MORGAN STANLEY: Here's Your Guide To Monitoring The Economy Just Like Janet Yellen

On Tuesday, Federal Reserve Chair Janet Yellen promised the House Financial Services Committee “a great deal of continuity” in monetary policy as she fills the shoes of Ben Bernanke.

However, Yellen is not Bernanke. And depending on her read on the economy, she will use her powers to influence the direction of monetary policy via the Federal Open Market Committee.

So what is Yellen watching out for?

Morgan Stanley economists Dane Vrabac and John Abraham answer this question in this new presentation distributed to clients.

It’s a catalogue of 31 charts that have individually been cited by Yellen as informing her view.

Thanks to Morgan Stanley for giving us permission to feature this presentation.

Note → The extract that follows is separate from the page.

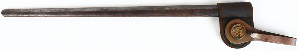 US, Springfield Trapdoor bayonet sheath & frog, sheath has rust & wear, leather is worn & is starting to crack. Grade: Very Good - Value: 20 to 60

These indicators cover labour, income, and inflation among other things.

Yellen is a big fan of the unemployment rate, but not in isolation.

Duration of unemployment is important because the longer you're out of the job, the more your skills erode.

Few follow the JOLTS report as closely as Yellen.

We can't ignore the underemployed, which include the folks who aren't captured by the main unemployment rate.

There's always controversy about how inflation is computed, so it's good to follow few different.

GDP growth is only as robust as its components.

Income is tied to consumption, which is the largest component of GDP.

The housing market is about more than home prices.

The Taylor Rule argues that the Fed should raise rates as inflation and employment rises.

The Beveridge Curve measure labour market efficient by showing the evolving relationship between unemployment and job openings.

Okun's Law relates falling unemployment rates to rising GDP.